Word combinations are formed from words - syntactic constructions consisting of two or more significant words connected according to the type of subordinating connection (coordination, control, adjacency).

A phrase, along with a word, is an element in the construction of a simple sentence.

Sentences and phrases form the syntactic level of the language system. The sentence is one of the main categories of syntax. It is contrasted with words and phrases in terms of formal organization, linguistic meaning and functions. A sentence is characterized by an intonation structure - the intonation of the end of the sentence, completeness or incompleteness; intonation of message, question, motivation. A special emotional connotation, which is conveyed by intonation, can turn any sentence into an exclamation.

Sentences can be simple or complex.

A simple sentence can be two-part, having a subject group and a predicate group, and one-part, having only a predicate group or only a subject group; may be common or uncommon; may be complicated, containing homogeneous members, circulation, introductory, plug-in construction, separate turnover.

A simple two-part unextended sentence is divided into a subject and a predicate, an extended one into a subject group and a predicate group; but in speech, oral and written, there is a semantic division of the sentence, which in most cases does not coincide with the syntactic division.
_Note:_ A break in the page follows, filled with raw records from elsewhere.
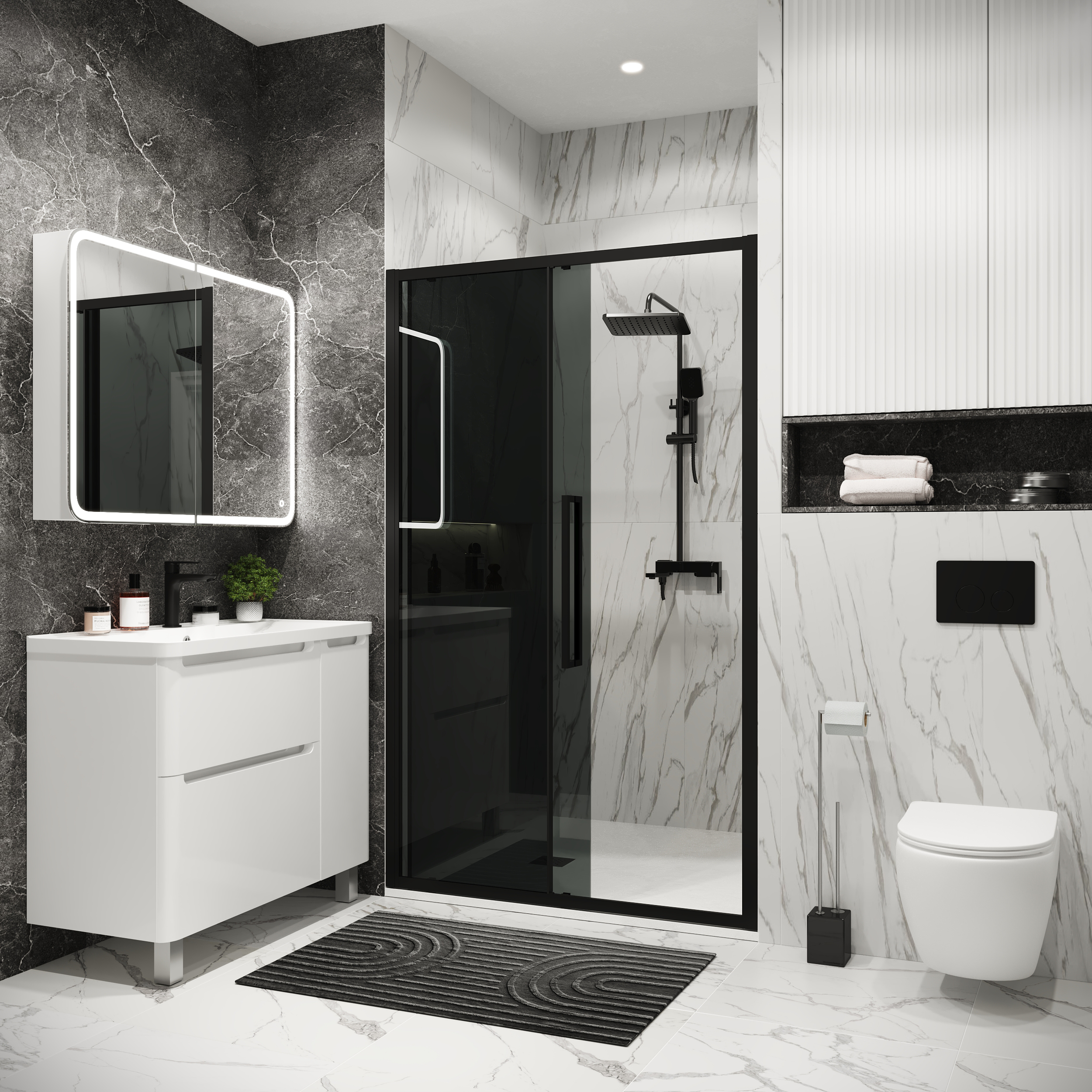Дверь в нишу Grossman Cosmo 100.K33.02.100.21.10 (100х195 cm) цвет профиля: черный матовый, стекло тонированное, раздвижная, 1 место
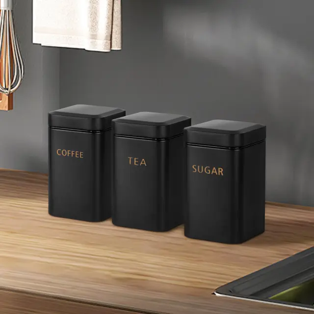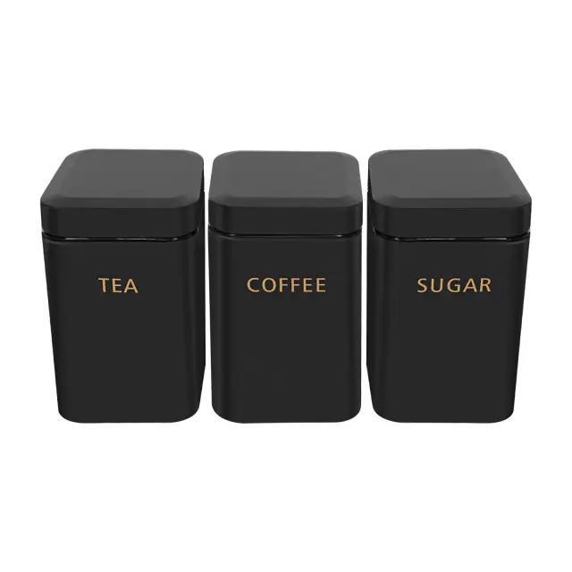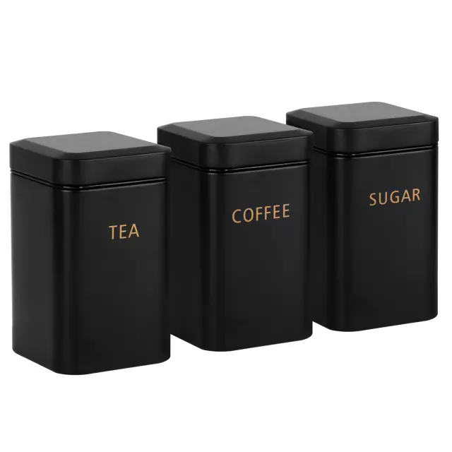 Cheffinger, Set 3 škatel za čaj, kavo, sladkor 9x14,5cm, hermetično zaprte, Črna
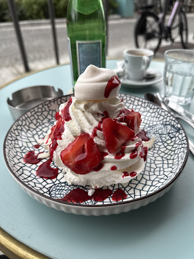 En photo, un pavlova cœur glacé aux fraises et une terrasse extérieur en zone piétonne entourée de végétation aux abords de la voie menant à La Défense.
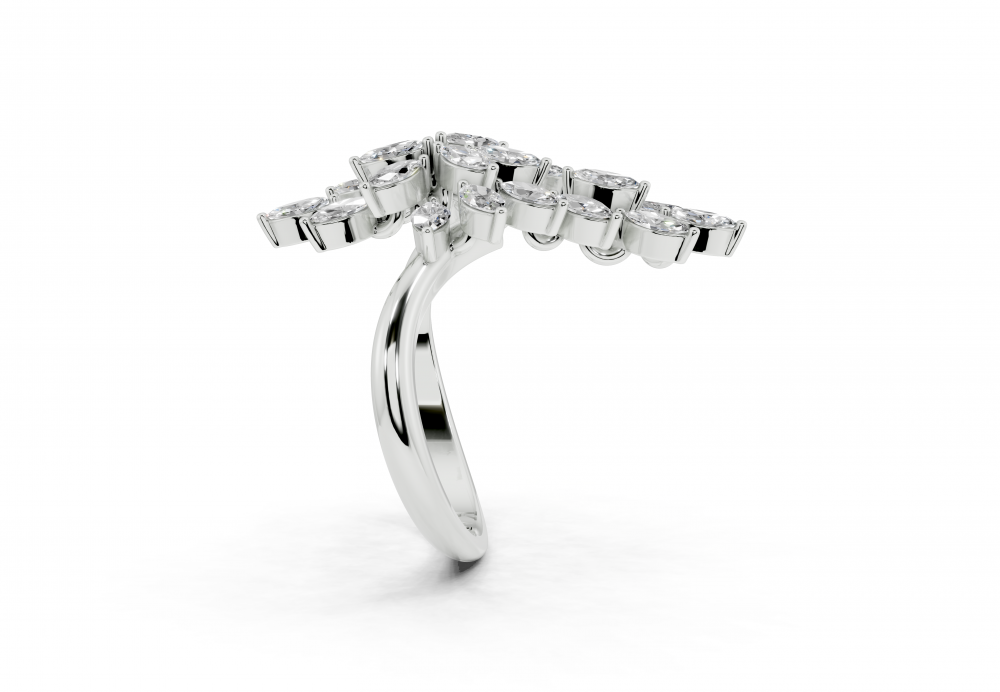 Inel din aur alb de 14K, cu diamante Marquise Cut de 0.95ct si diamante rotunde de 0.02ct. Greutatea inelului este de aproximativ 4.50 grame.
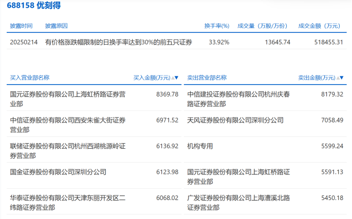 2月14日,优刻得因日换手率达到30%而上榜,龙虎榜显示,2月14日,买入前五中并无机构席位,有一机构卖出5599.24万元。买入前五的营业部分别是国元证券股份有限公司上海虹桥路证券营业部、中信证券股份有限公司西安朱雀大街证券营业部、联储证券股份有限公司杭州西湖桃源岭证券营业部、国金证券股份有限公司深圳分公司、华泰证券股份有限公司天津东丽开发区二纬路证券营业部。

The proposal is divided into the initial part of the message - the “given” and what is stated in it, the “new” - the core of the message. The core of a message or statement is highlighted by logical stress, word order, and ends the sentence. For example, in the sentence The hailstorm predicted the day before broke out in the morning, the initial part (“given”) is the hailstorm predicted the day before broke out, and the core of the message (“new”) appears in the morning, the logical emphasis falls on it.

A complex sentence combines two or more simple ones. Depending on the means by which the parts of a complex sentence are connected, compound, complex and non-conjunct complex sentences are distinguished.